--- EXERCISE BRIEF ---
Only the lines below from the one containing "7½ Cent letter" through the one containing "A Diamond Select" belong in the answer, repeated exactly and without pictures.

--- SUPPLIED DATA ---
+ + + + +

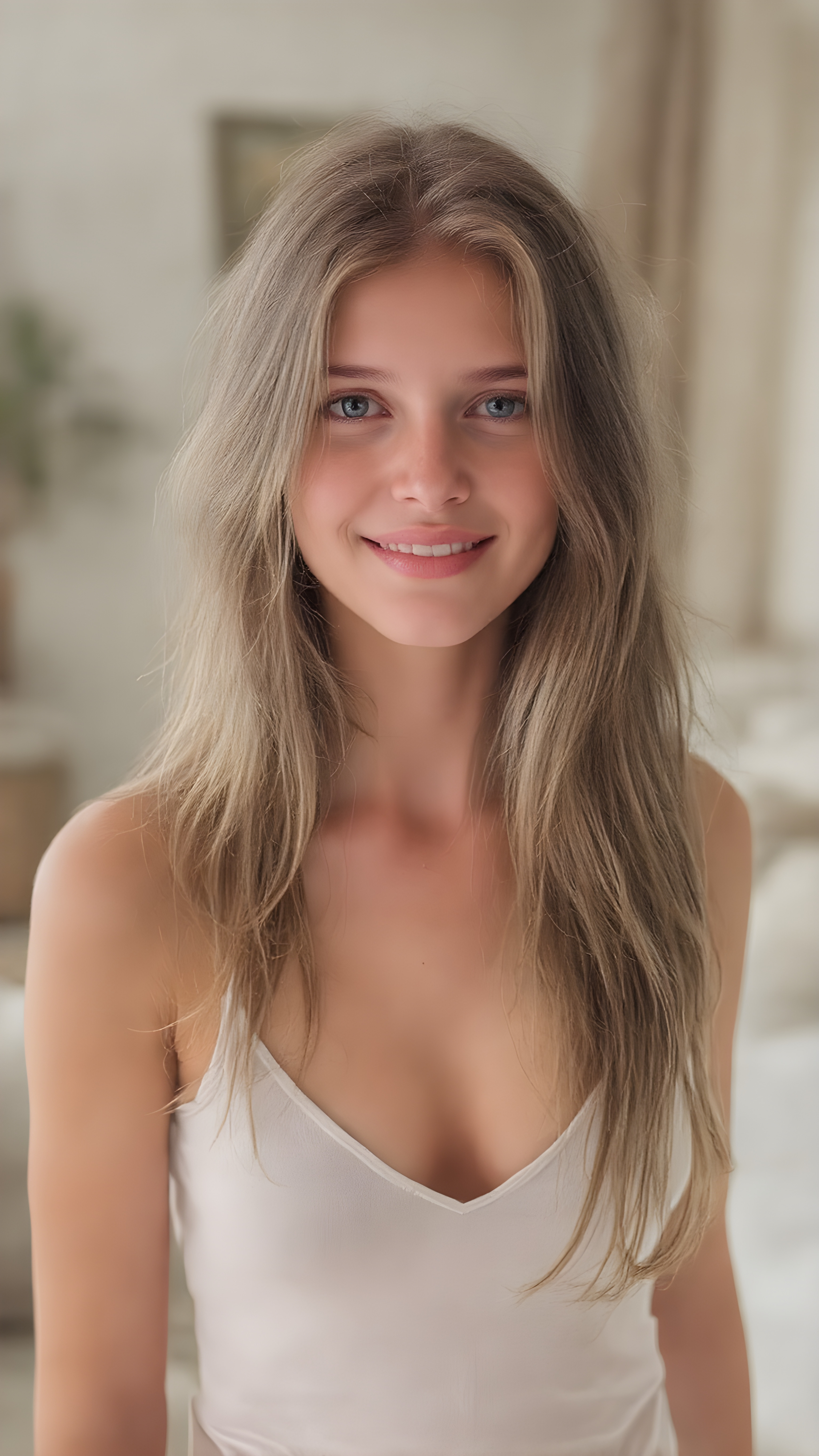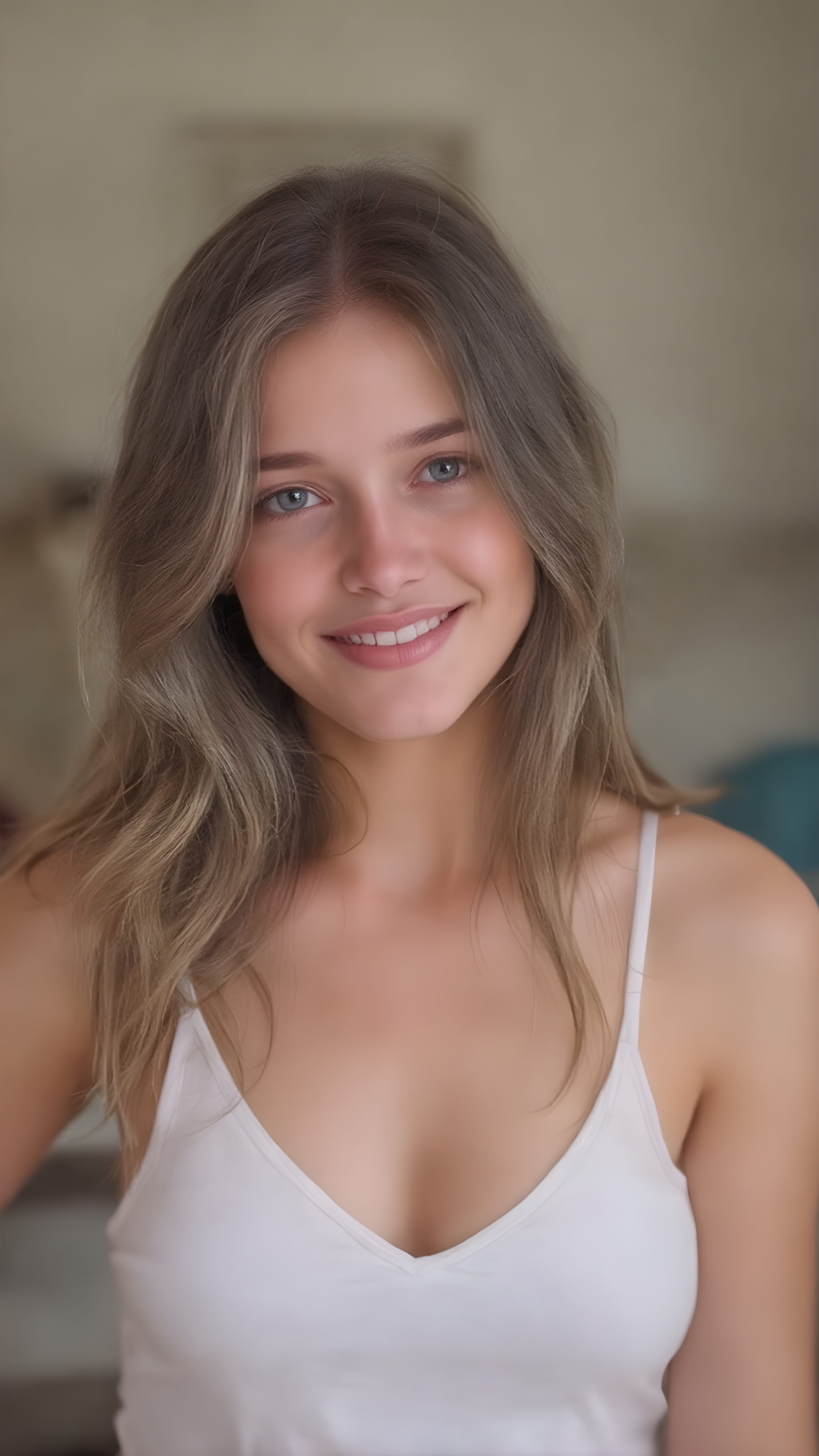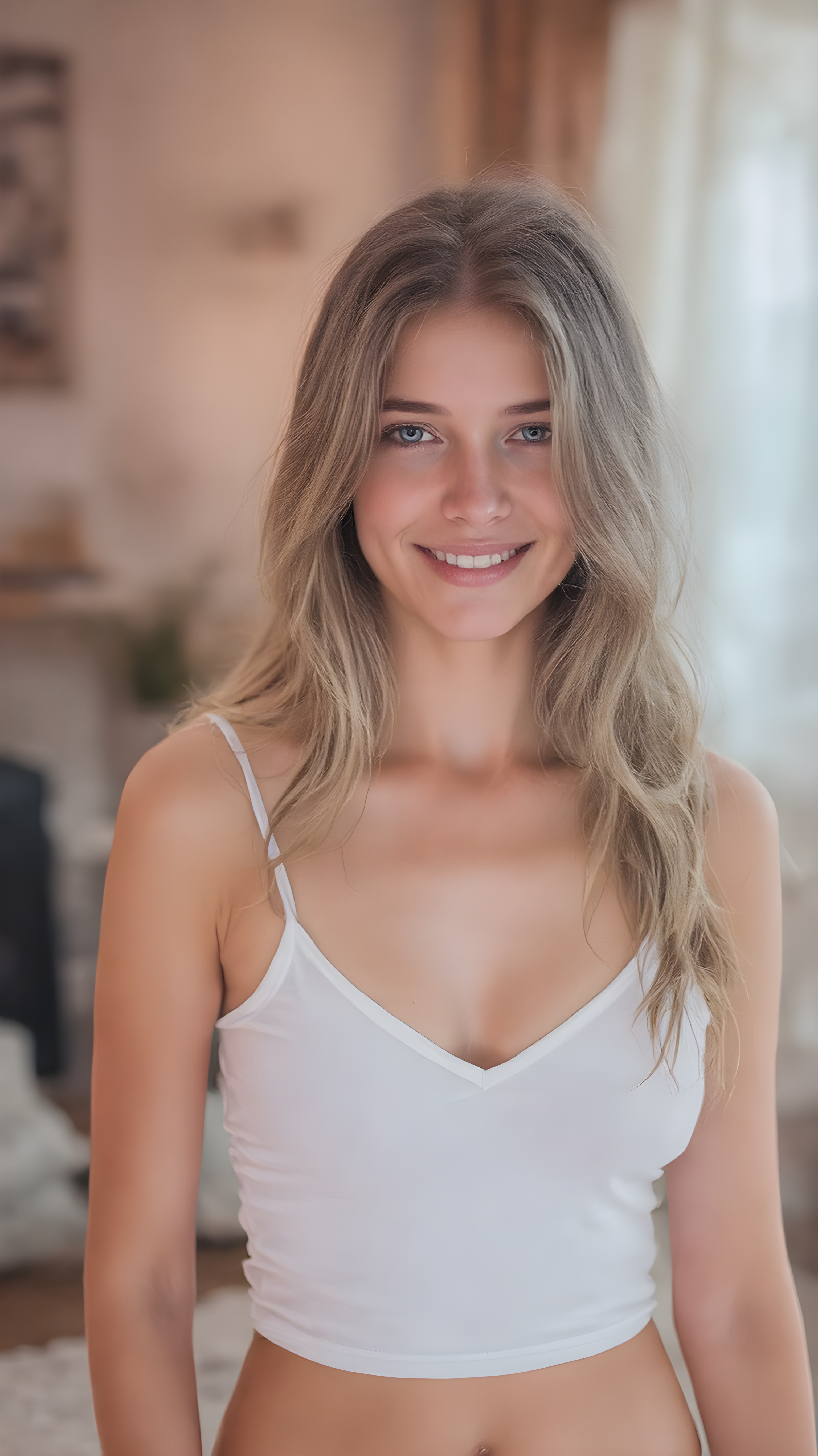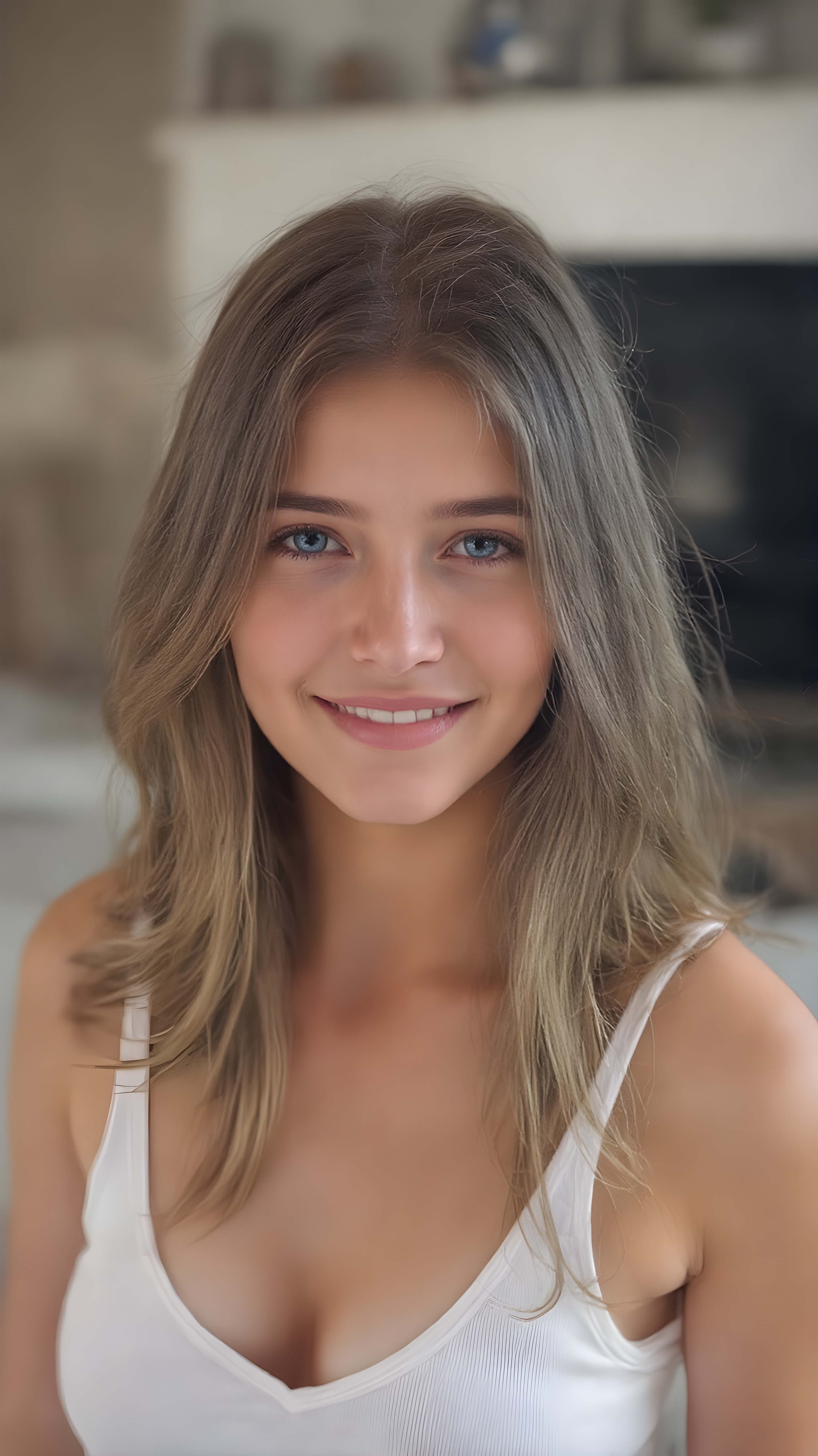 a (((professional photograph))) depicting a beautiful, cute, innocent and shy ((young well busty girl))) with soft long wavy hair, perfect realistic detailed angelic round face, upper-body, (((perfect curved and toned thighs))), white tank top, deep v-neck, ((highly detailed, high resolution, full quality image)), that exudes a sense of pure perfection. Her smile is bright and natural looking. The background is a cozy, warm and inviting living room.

+ + + + +

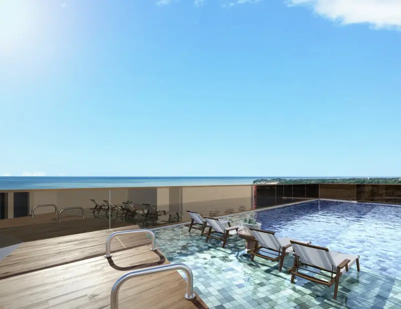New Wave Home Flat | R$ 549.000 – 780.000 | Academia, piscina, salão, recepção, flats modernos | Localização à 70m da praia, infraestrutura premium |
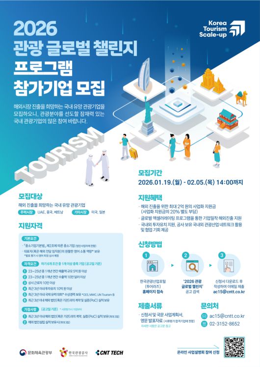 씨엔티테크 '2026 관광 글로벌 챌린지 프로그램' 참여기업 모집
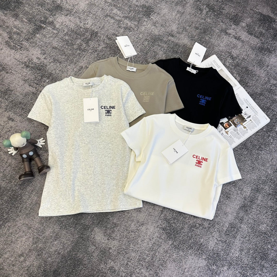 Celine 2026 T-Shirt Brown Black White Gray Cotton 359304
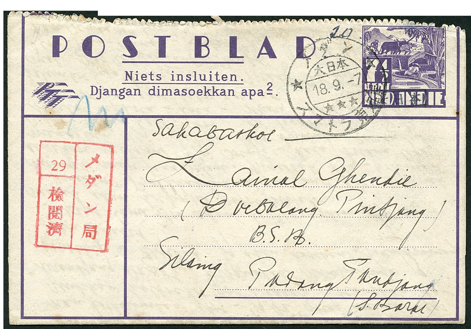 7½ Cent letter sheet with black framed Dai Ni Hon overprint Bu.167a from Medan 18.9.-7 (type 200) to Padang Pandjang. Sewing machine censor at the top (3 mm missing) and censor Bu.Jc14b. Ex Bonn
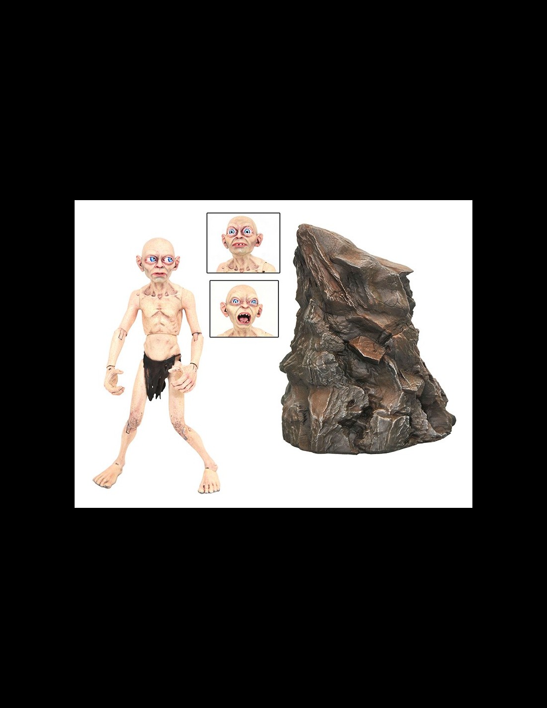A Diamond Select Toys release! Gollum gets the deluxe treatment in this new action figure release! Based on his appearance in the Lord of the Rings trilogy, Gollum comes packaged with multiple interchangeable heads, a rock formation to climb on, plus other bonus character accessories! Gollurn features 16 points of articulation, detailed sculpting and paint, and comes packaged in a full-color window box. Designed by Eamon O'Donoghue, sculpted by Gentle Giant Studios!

+ + + + +

--- TASK RESULT ---
 7½ Cent letter sheet with black framed Dai Ni Hon overprint Bu.167a from Medan 18.9.-7 (type 200) to Padang Pandjang. Sewing machine censor at the top (3 mm missing) and censor Bu.Jc14b. Ex Bonn
A Diamond Select Toys release! Gollum gets the deluxe treatment in this new action figure release! Based on his appearance in the Lord of the Rings trilogy, Gollum comes packaged with multiple interchangeable heads, a rock formation to climb on, plus other bonus character accessories! Gollurn features 16 points of articulation, detailed sculpting and paint, and comes packaged in a full-color window box. Designed by Eamon O'Donoghue, sculpted by Gentle Giant Studios!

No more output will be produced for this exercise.